Keheley apparently didn't like the memo. "Mr. Keheley asked Mr. Marcotte to take over redrafting the memo," Paul's notes show that Benavides recalled, referring to Mike Marcotte, director of the sports arena project at the time.
It would not prove easy for Marcotte to produce an account of this matter that satisfied his bosses.
"Marcotte rewrote the memo on Wednesday, November 9," Paul wrote in his notes of Benavides' account. "More changes were made on November 10 and November 11. On Friday night, November 11, Ted gave copies to John Ware, Cliff Keheley and (assistant city manager) Mary Suhm. It was decided to meet on Sunday, November 13, to discuss the scheduled November 16 council briefing. At the end of the meeting, Ted asked John if he was ready to send out that memo. He said, 'No, let me read it again.'
"Monday, the 14th, Ted's assistant, Kim Tolbert, got a phone call from Mr. Keheley telling Ted that John had decided to send out a short version of the memo--Ted had approved a long and short memo prepared by Marcotte. The memo and the ASAP report were sent to the city council that night.

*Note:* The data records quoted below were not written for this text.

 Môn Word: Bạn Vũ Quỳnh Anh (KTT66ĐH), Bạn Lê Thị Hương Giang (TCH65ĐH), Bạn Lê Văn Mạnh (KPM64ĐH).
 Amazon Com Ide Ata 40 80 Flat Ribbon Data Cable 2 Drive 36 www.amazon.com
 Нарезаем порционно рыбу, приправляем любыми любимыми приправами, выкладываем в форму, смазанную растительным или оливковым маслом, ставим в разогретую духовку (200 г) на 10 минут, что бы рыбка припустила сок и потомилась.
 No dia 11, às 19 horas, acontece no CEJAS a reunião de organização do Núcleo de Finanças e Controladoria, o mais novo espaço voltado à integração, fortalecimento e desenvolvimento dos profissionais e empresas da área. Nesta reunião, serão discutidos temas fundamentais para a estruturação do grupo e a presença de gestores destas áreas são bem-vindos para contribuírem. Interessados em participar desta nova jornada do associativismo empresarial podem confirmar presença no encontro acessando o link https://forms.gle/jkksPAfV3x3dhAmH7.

"Several public works employees called Ted to complain that Louise Elam was being treated unfairly," Paul added in his account of his interview with Benavides.
To this day, John Ware has never personally apologized to Louise Elam, publicly accused of something his own office did. Asked why he had never apologized to Elam, Ware told me last week, "Well, that's a personnel issue. I'm not going to have any comment." He has also never publicly admitted that his number-two man, Cliff Keheley, was the real scoundrel.

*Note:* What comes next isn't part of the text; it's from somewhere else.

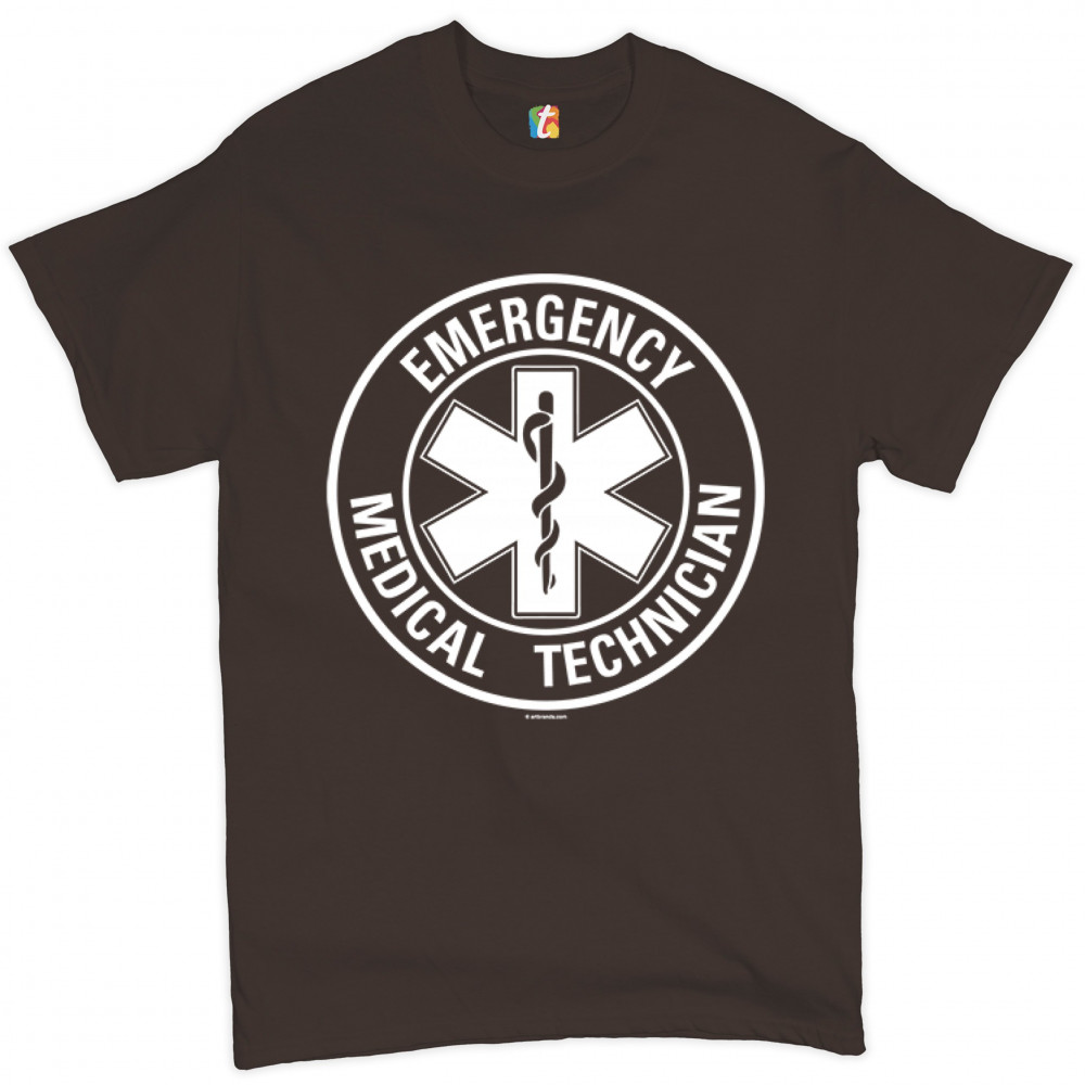 EMERGENCY MEDICAL TECHNICIAN t-shirt star of life first responder men's tee brown

In fact, Ware has bent over backwards to protect his own. In the city manager's five-page memo to council back on November 23--the alleged result of his own "thorough" investigation into the matter--Ware avoided implicating Keheley in any way. (He did, however, make a point of clearing Elam, placing the responsibility for the study and her treatment, in essence, on no one.)
"It was established that the first assistant city manager, upon issuing orders to the staff to study options for an arena and also later changing the scope to an assessment of Lot E, had by the nature of his direction ordered the report which subsequently led to the hiring of JPJ," Ware wrote in the closest thing that came to casting blame.
According to Dan Paul's work papers, Ware had still not come clean to the council about what he really thought.
"Interviewed John Ware briefly on November 23, 1994, while he was drafting his memo to the council," Paul wrote by hand on a piece of paper. "He concurred with me that he was finding that Cliff Keheley was the one responsible for the ASAP study and not Louise Elam." Asked why he never made such a statement to the public or council, Ware confirmed that he met with Paul, but flatly denied ever blaming Keheley. "No, not true--I didn't say that," Ware told me.
Two months later, on January 30, the two men met again. Paul was just putting the finishing touches on his audit report, which he would release to the city council 12 days later. "I again met with John Ware and reviewed my forthcoming report summary," Paul wrote on the same piece of paper. "Very little was said."
On March 3, when Keheley announced that he was resigning after 19-1/2 years with the city--and only 18 months as first assistant city manager--a Morning News reporter asked Ware if Paul's arena audit was responsible for his deputy's departure.
Ware steadfastly responded: "It didn't have anything to do with that.